Personal information
- Date of birth: 31 March 1992 (age 33)
- Place of birth: Sarajevo, SR Bosnia and Herzegovina, SFR Yugoslavia
- Position(s): Forward

Youth career
- 2009: Slavija Sarajevo

Senior career*
- Years: Team / Apps / (Gls)
- 2011–2012: Slavija Sarajevo / 6 / (0)
- 2012–2013: Travnik / 7 / (0)
- 2012–2013: Bosna Visoko / 10 / (0)
- 2013–2014: Famos Hrasnica
- 2014–2017: Milton SC

= Adnan Smajić =

Bosnian footballer

Adnan Smajić (born March 31, 1992) is a Bosnian former footballer who played as a forward.

Smajić received his football training at the Slavija Sarajevo's youth system and graduated to the senior team. While playing with Slavija's senior team, he debuted in the Bosnian top-tier league in 2011. He later played with various Bosnian clubs in the country's premier league and secondary leagues. In 2014, he ventured abroad to play with Milton SC in the Canadian Soccer League. Throughout his tenure with Milton, he played in the league's first and second divisions and won a championship title with the reserve team in 2015.

== Club career ==

=== Bosnia ===
Smajić played at the youth level with Slavija Sarajevo.

He joined the senior team in 2011 in the Premier League of Bosnia and Herzegovina. He debuted for Slavija on August 11, 2011, against FK Sarajevo. However, he experienced limited playing time as he received an injury early in the season. In total, he played in 6 matches in his debut season.

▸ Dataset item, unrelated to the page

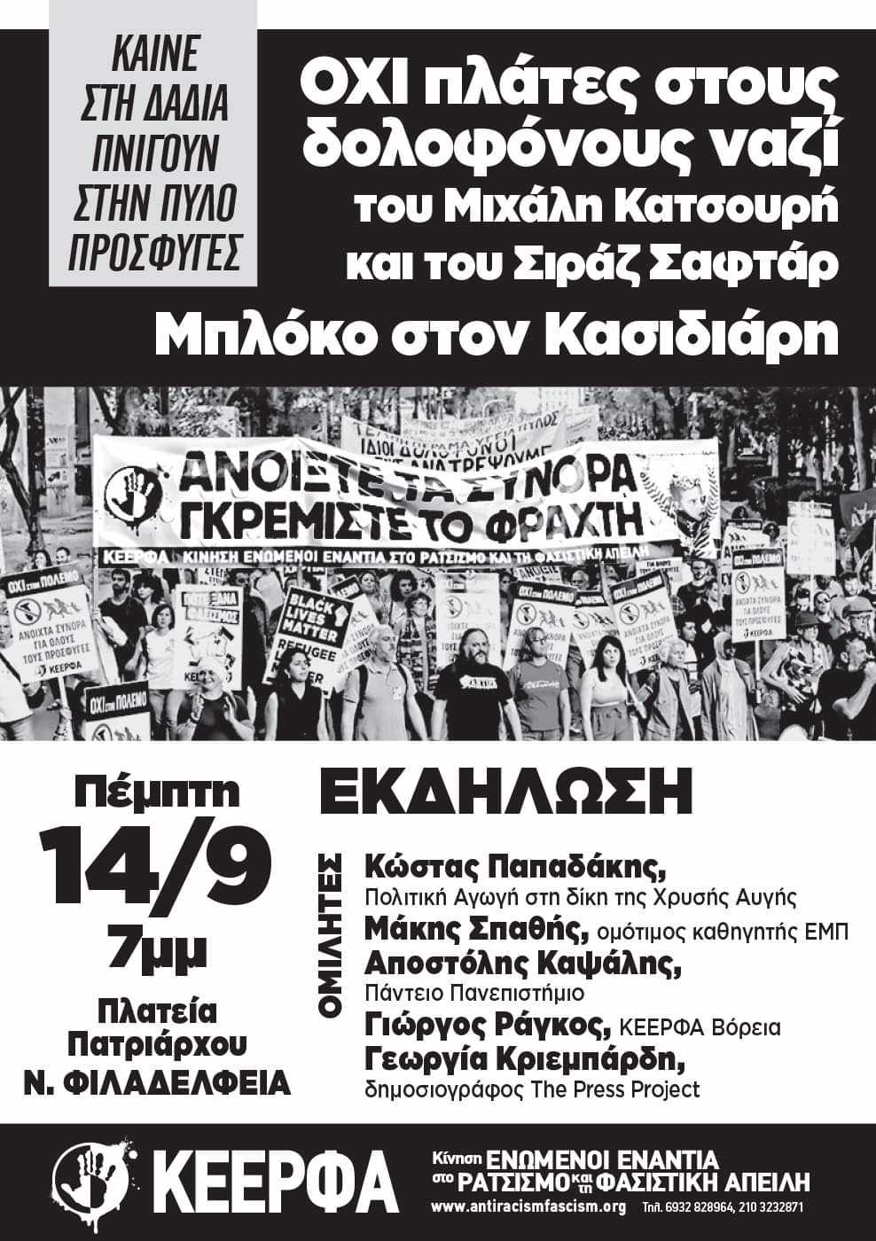 STOP στην κυβέρνηση που κάνει πλάτη στους ναζί του Κασιδιάρη, στους δολοφόνους του Μιχάλη Κατσουρή και του Σιζάρ Σαφτάρ», αναφέρεται στο κάλεσμα της εκδήλωσης.

The following season, he remained in the Bosnian top tier and secured a deal with NK Travnik. He debuted for Travnik on August 12, 2012, against his former club Sarajevo. His tenure was cut short as he departed Travnik during the January transfer window. Throughout his stint with Travnik, he appeared in 7 matches. For the remainder of the 2012–13 season, he played in the First League of Bosnia and Herzegovina with Bosna Visoko. In 2013, he played for Famos Hrasnica.

=== Canada ===
In 2014, he played abroad in the Canadian Soccer League's second division with the expansion side Milton SC. In his debut season with Milton, he assisted the club in securing a playoff berth and recorded two goals in the semifinal round. Smajić re-joined Milton the following season as they were promoted to the league's first division. In his second season with Milton, he assisted the club to secure a playoff berth by finishing seventh in the division. Milton was defeated in the opening round of the postseason by Toronto Croatia. He also played in the league's second division with the reserve team, where he aided the club in securing a berth in the playoffs. He was featured in the championship final, where he recorded a goal against SC Waterloo Region's reserve team to claim the title.

He re-signed with Milton for another season in 2016, where he was named the team captain. Smajić assisted the club in securing a playoff berth, where they were eliminated in the first round by York Region Shooters. He finished as the team's top goal scorer with 12 goals, which ranked him third in the overall scoring charts. He returned for his third season for Milton in 2017. Milton qualified for the playoffs and was eliminated in the quarterfinals by York Region.